_WHAT YOU HAVE TO DO_.
In the entries below, count every line containing "original". Return the number and nothing else.

_EXTRACTED RECORDS_.

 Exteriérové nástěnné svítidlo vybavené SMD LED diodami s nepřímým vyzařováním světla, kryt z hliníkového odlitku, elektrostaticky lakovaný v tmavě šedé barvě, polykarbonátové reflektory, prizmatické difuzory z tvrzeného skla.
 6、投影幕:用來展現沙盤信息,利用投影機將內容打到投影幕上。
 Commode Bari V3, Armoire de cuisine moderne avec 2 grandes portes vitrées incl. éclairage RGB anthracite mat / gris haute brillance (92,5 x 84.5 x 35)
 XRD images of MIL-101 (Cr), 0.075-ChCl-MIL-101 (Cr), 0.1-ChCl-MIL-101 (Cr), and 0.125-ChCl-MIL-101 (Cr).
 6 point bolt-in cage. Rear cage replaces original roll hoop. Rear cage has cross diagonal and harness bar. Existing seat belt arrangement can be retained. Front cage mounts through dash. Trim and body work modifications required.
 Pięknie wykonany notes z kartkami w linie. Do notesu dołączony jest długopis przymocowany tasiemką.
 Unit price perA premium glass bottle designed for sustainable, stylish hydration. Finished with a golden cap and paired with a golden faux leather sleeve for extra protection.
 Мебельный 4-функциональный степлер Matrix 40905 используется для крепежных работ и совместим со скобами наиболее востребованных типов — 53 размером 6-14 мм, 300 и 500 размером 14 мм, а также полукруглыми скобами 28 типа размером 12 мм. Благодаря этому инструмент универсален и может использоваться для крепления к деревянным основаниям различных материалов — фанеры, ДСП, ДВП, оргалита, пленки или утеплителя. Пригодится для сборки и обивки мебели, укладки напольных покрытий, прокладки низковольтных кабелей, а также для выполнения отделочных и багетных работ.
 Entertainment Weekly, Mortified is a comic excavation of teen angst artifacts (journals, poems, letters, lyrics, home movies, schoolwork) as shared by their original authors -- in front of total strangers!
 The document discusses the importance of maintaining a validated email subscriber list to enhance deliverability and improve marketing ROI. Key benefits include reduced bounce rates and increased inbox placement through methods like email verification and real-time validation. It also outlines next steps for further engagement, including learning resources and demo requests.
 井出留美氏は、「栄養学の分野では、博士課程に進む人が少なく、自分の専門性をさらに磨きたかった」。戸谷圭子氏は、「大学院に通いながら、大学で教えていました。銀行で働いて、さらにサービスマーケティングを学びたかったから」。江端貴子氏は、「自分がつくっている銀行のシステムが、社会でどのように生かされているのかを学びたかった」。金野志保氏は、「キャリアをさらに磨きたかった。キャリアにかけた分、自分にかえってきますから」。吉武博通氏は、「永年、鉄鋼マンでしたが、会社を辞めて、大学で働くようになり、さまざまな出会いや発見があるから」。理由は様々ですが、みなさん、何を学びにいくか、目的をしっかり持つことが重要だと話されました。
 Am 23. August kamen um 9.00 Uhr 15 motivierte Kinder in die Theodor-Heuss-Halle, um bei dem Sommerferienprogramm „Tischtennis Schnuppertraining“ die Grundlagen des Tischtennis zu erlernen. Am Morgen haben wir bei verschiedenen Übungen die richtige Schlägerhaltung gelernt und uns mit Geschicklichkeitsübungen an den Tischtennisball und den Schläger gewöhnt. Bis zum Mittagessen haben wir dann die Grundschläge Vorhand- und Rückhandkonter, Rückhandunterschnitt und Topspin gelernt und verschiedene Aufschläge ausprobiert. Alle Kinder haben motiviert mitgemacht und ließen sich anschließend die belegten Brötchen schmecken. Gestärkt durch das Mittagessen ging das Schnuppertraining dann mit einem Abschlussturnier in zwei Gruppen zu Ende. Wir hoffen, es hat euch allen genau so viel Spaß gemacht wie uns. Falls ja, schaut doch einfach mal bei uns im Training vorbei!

_EXERCISE SOLUTION_.
2